NET Signal_Name MAXSKEW=Skew_Value ;
The following example specifies that the CLOCK_ENABLE signal should not have a skew value greater than 4ns.
NET CLOCK_ENABLE MAXSKEW=4;
Timing constraints can be assigned priorities when paths are overlapped by multiple timing constraints. Priorities can be directly specified to a timing constraint as follows.
TIMESPEC TIMESPEC_Name = FROM Group1 TO Group2
Delay_Value PRIORITY Priority_Level;
The lower the priority_level, the higher the precedence.

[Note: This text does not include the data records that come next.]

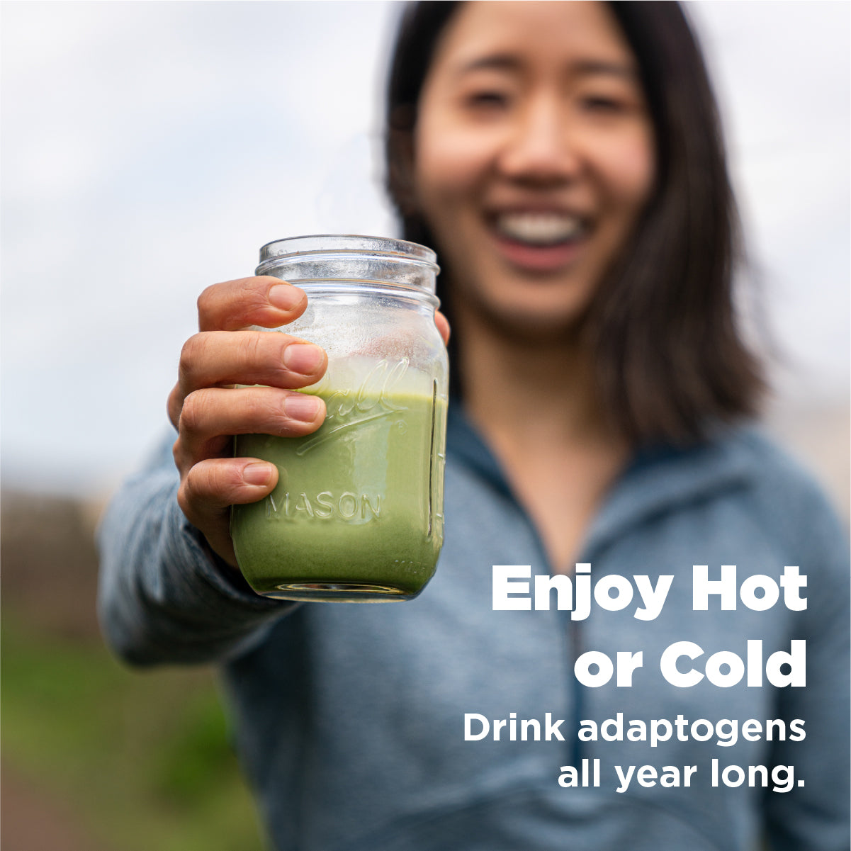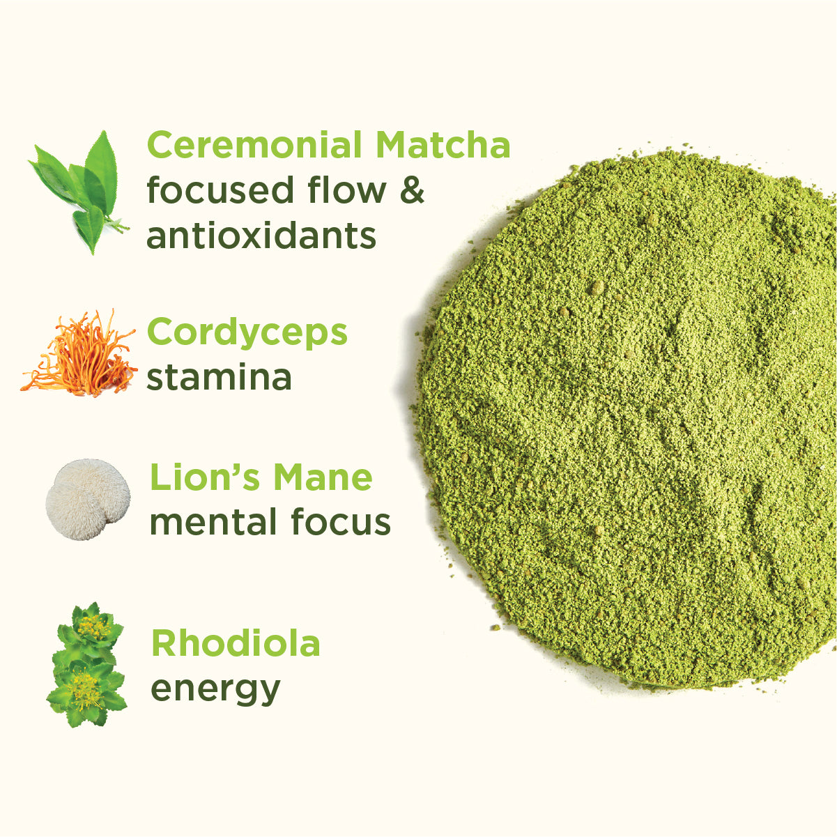 Coconut milk powder* (coconut milk,* tapioca maltodextrin*), matcha,* coconut sugar,* gynostemma extract,* cordyceps fruiting body extract,*† lion’s mane fruiting body extract,*† rhodiola extract,* & eleuthero extract*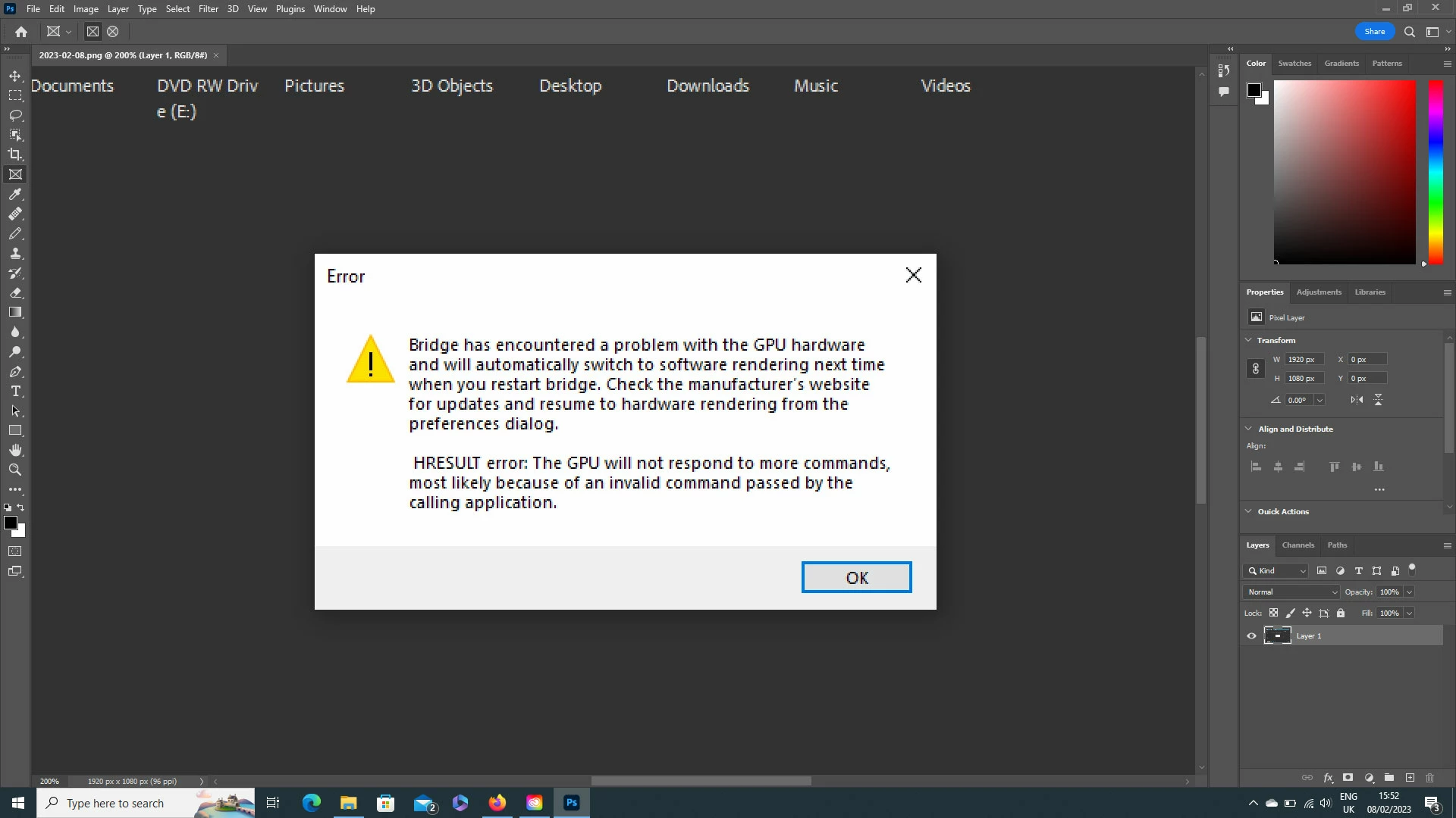 I use a Windows 10 laptop and today received this error message (screenshot enclosed) when I opened Adobe Bridge. I updated the display driver, but got the message again. Can you advise please?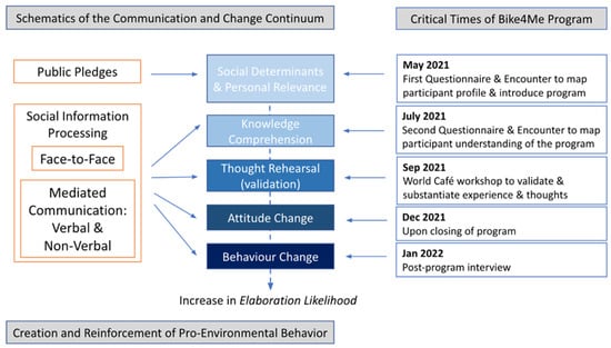 Figure 1 summarizes our approach in integrating the analytical framework with the Bike2Me sustainable mobility pilot program case study. The pilot has several key timings which we considered critical for assessing their level of Elaboration Likelihood and what the schemes of communication behind the scenes were. Together, the analysis will show an evolution of the creation and reinforcement of PEB in this pilot program.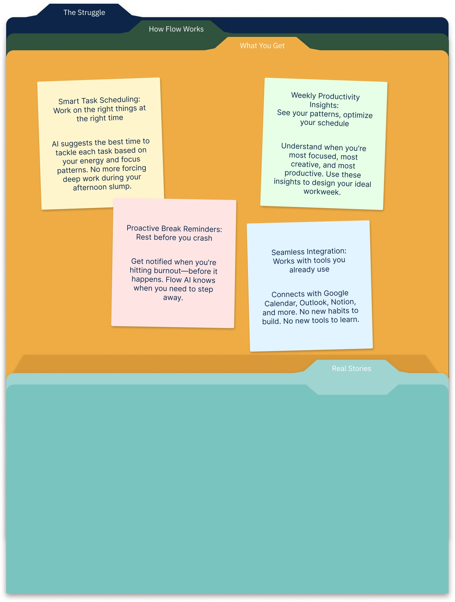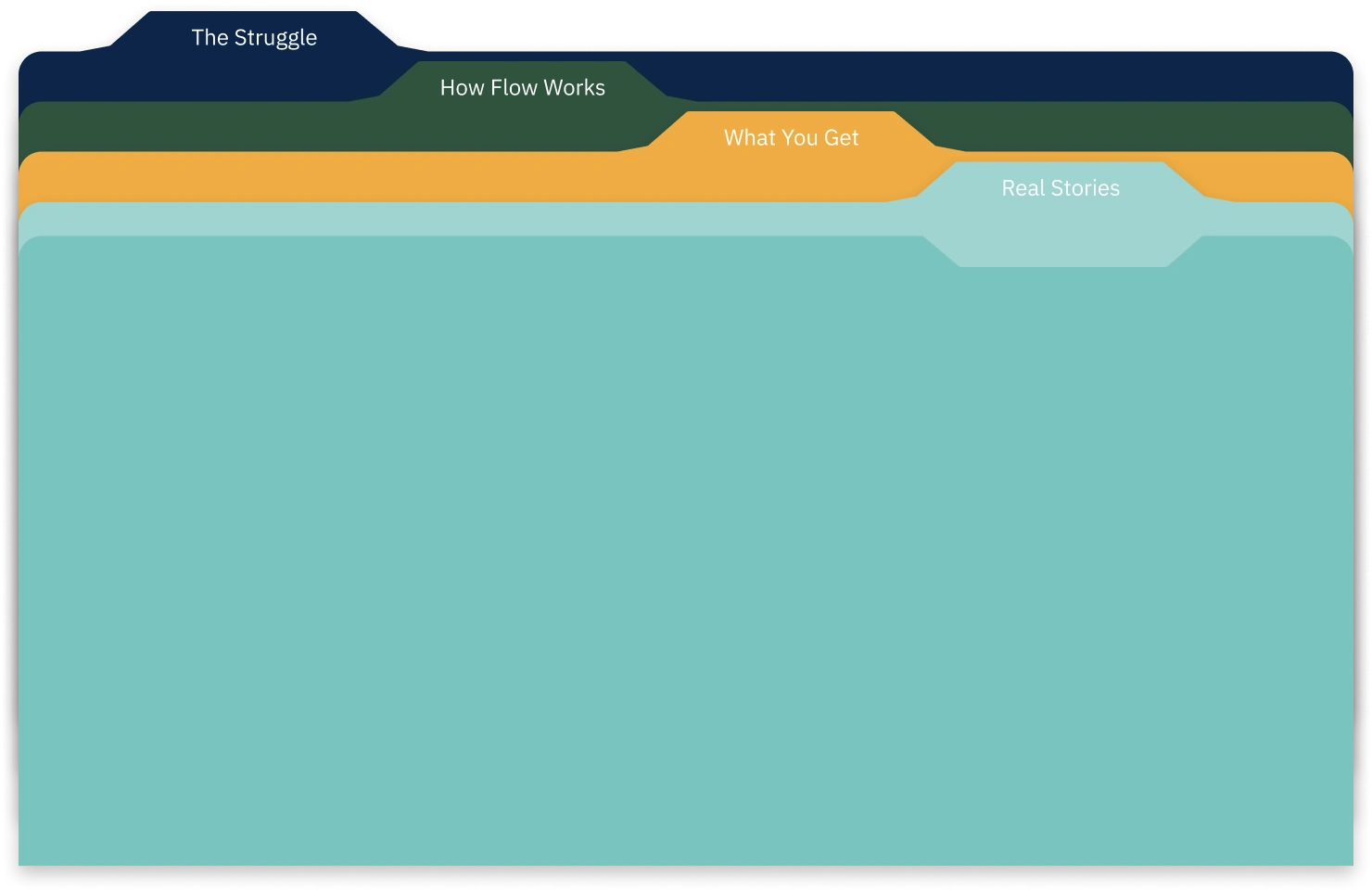 Instead of standard dividers or background color changes, each content section became a distinct "folder" with a labeled tab. The Struggle, How Flow Works, What You Get, Real Stories.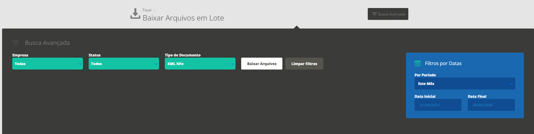 Assim, você será direcionado a página Baixar Arquivos em Lote, onde deverá selecionar a Empresa, o Status, Tipo de Documento, Período (inicial e final) que deseja baixar os documentos.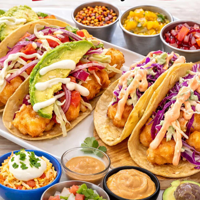 Pescado crujiente preparado al momento. Se sirve con col fresca, zanahoria y mayonesa. Incluye salsas de la casa: salsa a la mexicana, salsa negra con cebolla morada, habanero y mango (en temporada), mayonesa con chipotle y salsa de cacahuate.

The following example sets a timespec where the source is a time group labeled THESE_FFS and the destination is labeled THOSE_FFS, with a delay value of 25ns and a priority level of 2.
TIMESPEC TS04=FROM:THESE_FFS:TO:THOSE_FFS:25 PRIORITY 2;
However, timing constraints have an inherent precedence that is based on the type of constraint and the site description provided to the tools. If two constraints are of the same priority and cover the same path, then the last constraint in the constraint file overrides any other constraints that overlap.
Inherent timing constraint priority is shown in the following table.
Note: You cannot assign a priority to override inherent timing constraint priority. You can set priorities for different timing within the same constraint type.
Across Constraint Sources | |
Highest Priority | Physical Constraint File (PCF) |
User Constraint File (UCF) | |
Lowest Priority | Input Netlist / Netlist Constraint File (NCF) |
Within Constraint Sources | |
Highest Priority | TIG (Timing Ignore) |
FROM:USER1:THRU:USER_T:TO:USER2 Specification (USER1 and USER2 are user-defined groups) | |
FROM:USER1:THRU:USER_T:TO:FFS Specification or FROM:FFS:THRU:USER_T:TO:USER2 Specification (FFS is any pre-defined group) | |
FROM:FFS:THRU:USER_T:TO:FFS Specification | |
FROM:USER1:TO:USER2 Specification | |
FROM:USER1:TO:FFS Specification or FROM:FFS:TO:USER2 Specification | |
FROM:FFS:TO:FFS specification | |
Period specification | |
Lowest Priority | Allpaths type constraints |